Понятно, с этого бока подойти будет куда труднее.

Зазвонил домашний телефон, почему-то домашний, это каждый раз меня удивляло, потому что, по трезвому размышлению, на домашний номер нам звонить никто не мог. И каждый звонок казался мне подозрительным. Хотя, обычно, снимая трубку домашнего телефона, я слышала заученные речи рекламных агентов. И сейчас руку за трубкой протянула, уверенная, что верну её на место уже через пару секунд, и почти готова была сказать, что ни в каких товарах и услугах мы с мужем не нуждаемся, но женский голос был на удивление ровен и хорошо поставлен. Да и начало явно не для рекламного агента.

— Здравствуй, Липа. — Голос был настолько спокоен, что отдавал пренебрежительностью.

Я на автомате отозвалась:

— Здравствуйте.

— Мой сын дома?

— Сын?

Чёрт, это Ромкина мама. Я в последний момент удержалась, чтобы не перекинуть телефонную трубку Роме через всю кухню, как горячую головешку. А потом испугалась, что у меня голос пропал, сдавленно кашлянула.

— Да, конечно. Мы завтракаем. — Я судорожно сунула трубку Роме в руки. Тот удивлённо вздёрнул брови, телефон к уху поднёс. И тут же проницательно прищурился, глядя на меня, а в трубку усмехнулся.

— Да, мама, привет. Завтракаем, Липа меня кашей кормит. Не помню, чтобы ты так над папой издевалась.

Я взглянула возмущённо и показала Ромке кулак, на полном серьёзе. Он фыркнул и исправился:

— Так заботилась о папином здоровье. — Ромка замолк, слушая мать, глаза к тарелке с кашей опустил. Плечами пожал. — Ну, вкусно.

— Ну? — возмущённо передразнила я его шёпотом. Но тут же отвернулась, отошла к раковине и сполоснула тарелку. Мне необходимо было что-то делать, а не стоять у Ромки над душой, прислушиваясь к его разговору с матерью.

— К вам приехать? А шашлык будет? Мы можем мясо купить. Толик пожарит.

Я резко обернулась, уставилась на Ромку с ужасом. А он мне послал невинную улыбку, от которой у меня сердце окончательно упало. Мы едем в гости к его родным.

— Да, приедем, мама. Через пару часов. — Он телефон отключил, а на меня взглянул ликующе. — Вот видишь?

— Что?

— Родители приглашают нас на семейный обед. Это очень хорошо.

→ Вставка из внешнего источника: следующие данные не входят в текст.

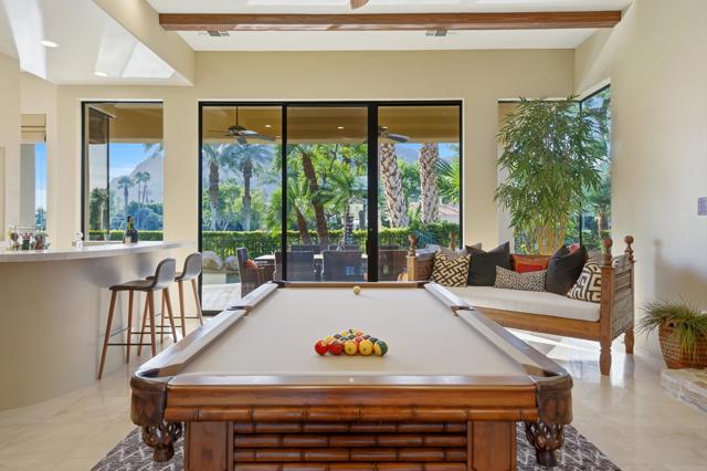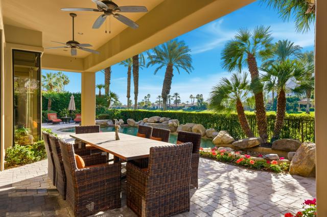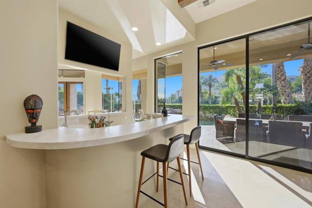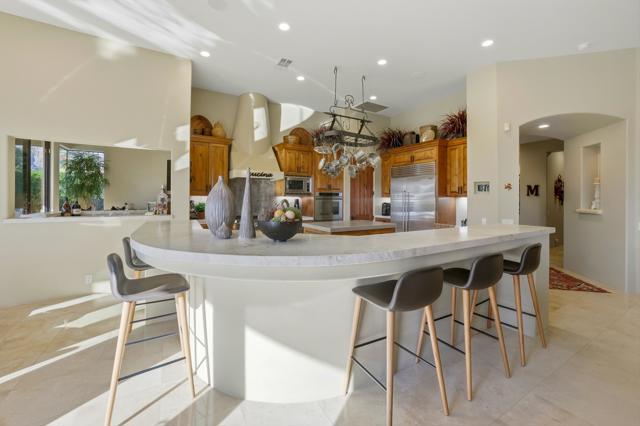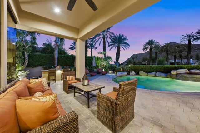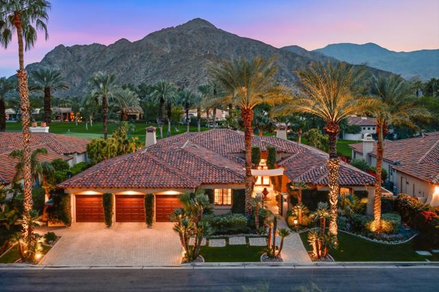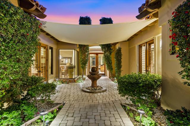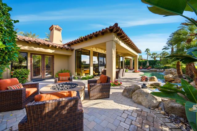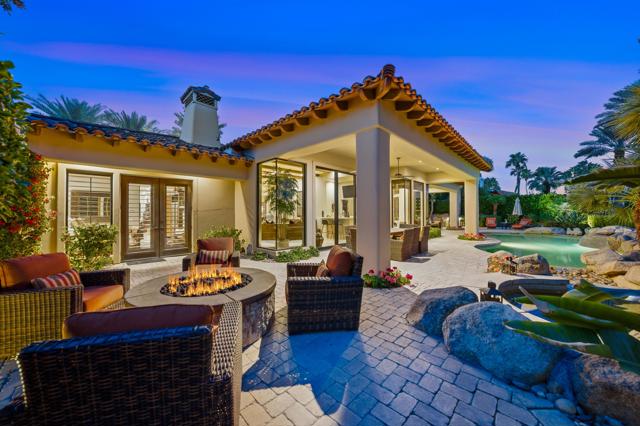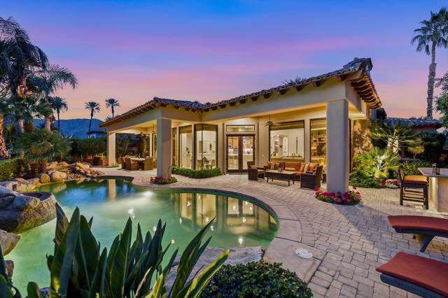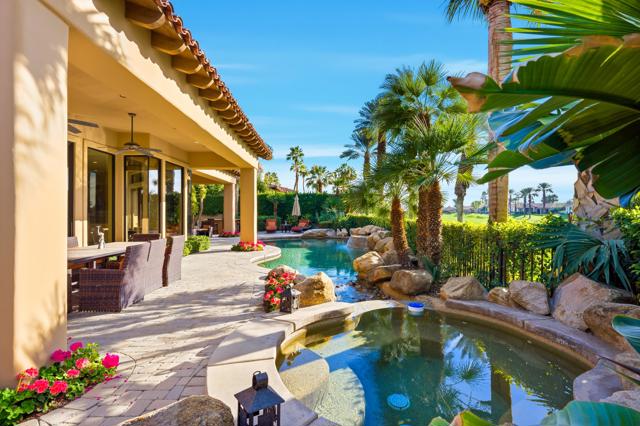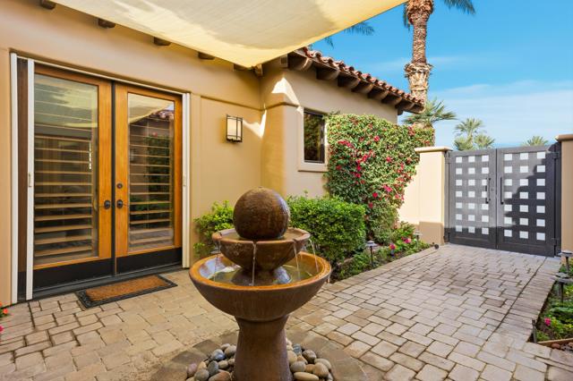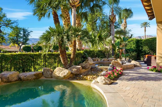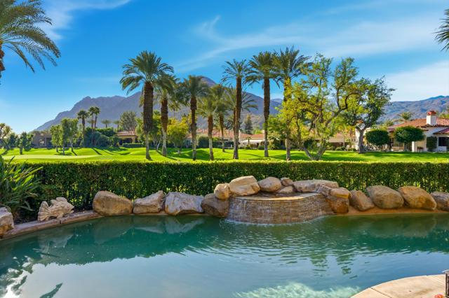 Where Elegance Meets Uncompromising Quality. Nestled on the 4th hole of the prestigious Citrus Golf Course, this exquisite home exemplifies refined luxury at its finest. With sweeping views of the lush green, the Santa Rosa Mountain and impeccable design throughout, every corner of this residence exudes sophistication and comfort.As you enter, the graceful fountain in the courtyard sets the tone for what lies within -- a seamless blend of traditional style and unparalleled craftsmanship. Upon stepping inside, a welcoming game room leads the way to an elegantly appointed wet bar, perfect for entertaining. The recently renovated kitchen boasts top-tier appliances, natural quartz countertops, custom wood cabinetry, and other high-end finishes that elevate the space to a culinary haven.The expansive great room opens up to a truly spectacular outdoor retreat. From the built-in BBQ and gas firepit to the resort-style pool complete with a spa and waterfall, this backyard oasis offers both relaxation and entertainment in equal measure. For those who appreciate the finer things, a private Jacuzzi, positioned perfectly for golf and tennis enthusiasts, adds an extra touch of luxury.Pet owners will find the meticulously landscaped grounds, featuring a sidewalk with two removable patches of artificial turf and a doggy door. The home is also fully enclosed, ensuring both privacy and security.The spacious primary suite offers a serene escape with direct access to the backyard, dual large walk-in closets, and a layout that ensures total privacy for its occupants. Two generously sized guest rooms, each with en-suite bathrooms, offer the utmost comfort and privacy for visitors. Additionally, the charming casita with a kitchenette and full en-suite bathroom provides an ideal retreat for family or guests.The oversized three-car garage, complete with an epoxy-coated floor and extensive storage cabinets, offers ample space for both vehicles and personal belongings.Turnkey furnished and move-in ready, this home presents a rare opportunity to experience the ultimate in luxury living.
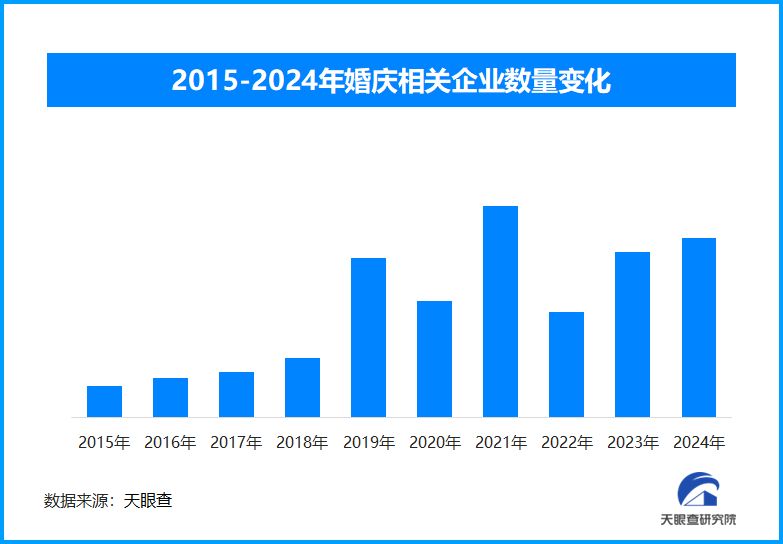 天眼查专业版数据显示,截至目前我国现存在业、存续状态的婚庆相关企业超157.3万家。其中,2025年截至目前新增注册相关企业约13.2万余家,从企业注册数量趋势来看,近十年间,婚庆相关企业的注册数量呈现出不稳定的增长态势,曾出现过2019和2021年两个新增高峰,但紧接着又伴随着增长下降。

— Твоя бабушка, наверняка, поделилась с твоей мамой всеми ужасами вчерашнего вечера, и она решила убедиться лично. Как, кстати, её зовут?

— Анна Эдуардовна.

— Господи, у неё даже имя впечатляющее. Эдуардовна…

— А ты Олимпиада. Представь, как будут дрожать перед тобой будущие невестки.

— Какие ещё невестки, Рома?

— Будущие, — нараспев протянул он. Снова на тарелку с кашей посмотрел. — Можно я не буду овсянку доедать? Я поберегу силы для обеда.

— Для шашлыка, — подсказала я. Тарелку у него забрала, правда, пожаловалась: — Ты как маленький.

Ромкины родители, вместе с родителями Евгения Павловича, жили за городом, в коттеджном посёлке закрытого типа. Дома не шикарные, на поместье Марка Бернардовича совсем не похожи, но более уютные и милые. И охрана здесь была только на въезде в посёлок, а не как у Гровера, за каждым кустом. Я по сторонам посматривала, но проявлять явный интерес у меня получалось с трудом. Я заметно нервничала, ещё Ромка в магазине извёл, больше получаса выбирал шашлык. Дотошно и тщательно, кажется, даже продавца сумел не на шутку утомить. А меня и подавно. И всю дорогу мечтал о шашлыке и пиве. Никакая тяга к полезной еде ему не прививалась.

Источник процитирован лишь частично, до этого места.